The price of imported products are going up, a lot!
The price of imports has now increased more than 2% in consecutive months for the first time since 2008.
“Imported fuel, accounting for 80% of the April 2011 gain, shot up 6.7%“…in the month of April.
What about that other 20% of imports?
Their prices are up almost 5% over the last 12 months.
The relative strength of import prices raises two questions. The first is why? The second is what does this mean to the U.S. and its potential for adopting a sustainable economy?
The answer to the first question of why is a three part answer involving commodities like oil, China and the devaluation of the U.S dollar.
Oil prices are now above $100 per barrel due to the combination of country risk volatility combined with global demand growing greater than supply.
The second part of the why answer is China which is the dominate product importer into the U.S. The global price spike in commodities from oil to copper impacts China most heavily. In addition, their their economic growth is now generating higher wage expectations among manufacturing laborers. Combined, higher commodity costs plus higher labor costs are driving up the cost of goods imported into the U.S. from China.
The final leg of the answer is the devaluation of the U.S. dollar. The more the U.S. imports and borrows to finance these imports the more our dollar devalues against the world’s currencies.
What does this mean? We are in a vicious circle of buying too much from other countries on credit that devalues the dollar which means we then have to pay more (higher import prices) and borrow more.
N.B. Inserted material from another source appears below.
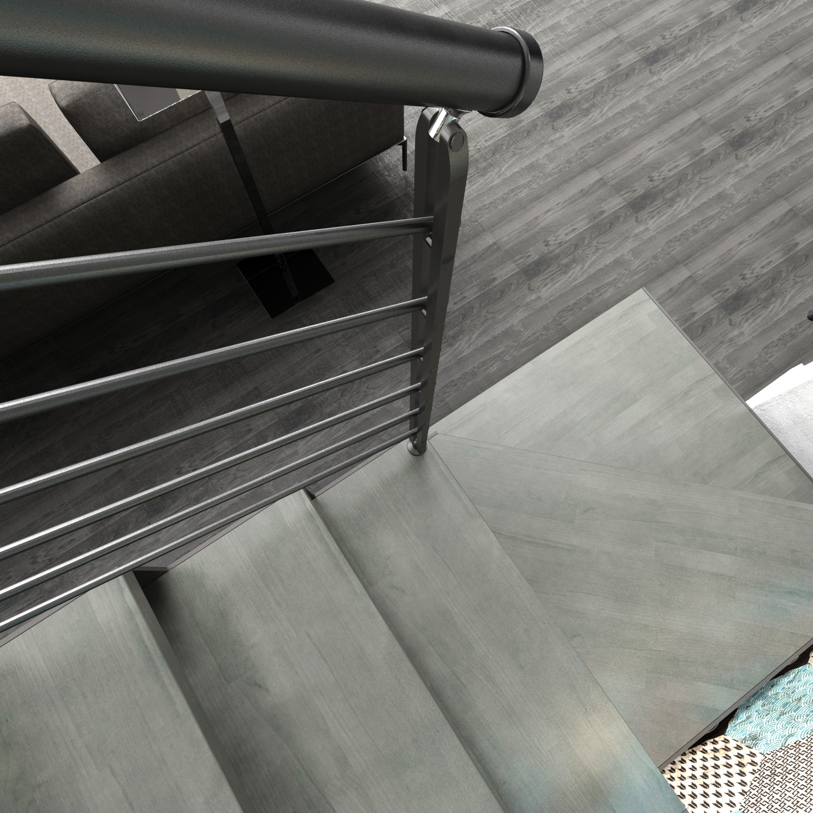 – og dobbelt vange kombinerer elegant forskellige materialer for at opnå en smuk og solid trappe, der er let at samle. Kvartsvingstrappen er ideel til indendørs brug. Dens enkle og rene linjer tilpasser sig enhver form for miljø fra moderne til klassisk. Hvert element i trappen er designet til at harmonisere produktets unikke stil.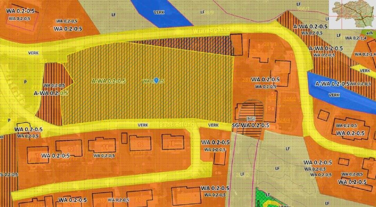 Bebauungsdichte: WA 0,2 – 0,5 Aufschließungsgebiet

This is unsustainable and higher priced imports is just one of the negative feedback signals that is going to stop this unsustainable cycle.
What this means for the U.S. is that the economic door is opening wide for the adoption of a sustainable economy.
The lower cost alternative to higher oil and non-renewable energy prices is efficiency plus use of renewable energy.
The alternative to buying higher priced imported products is to Buy Local.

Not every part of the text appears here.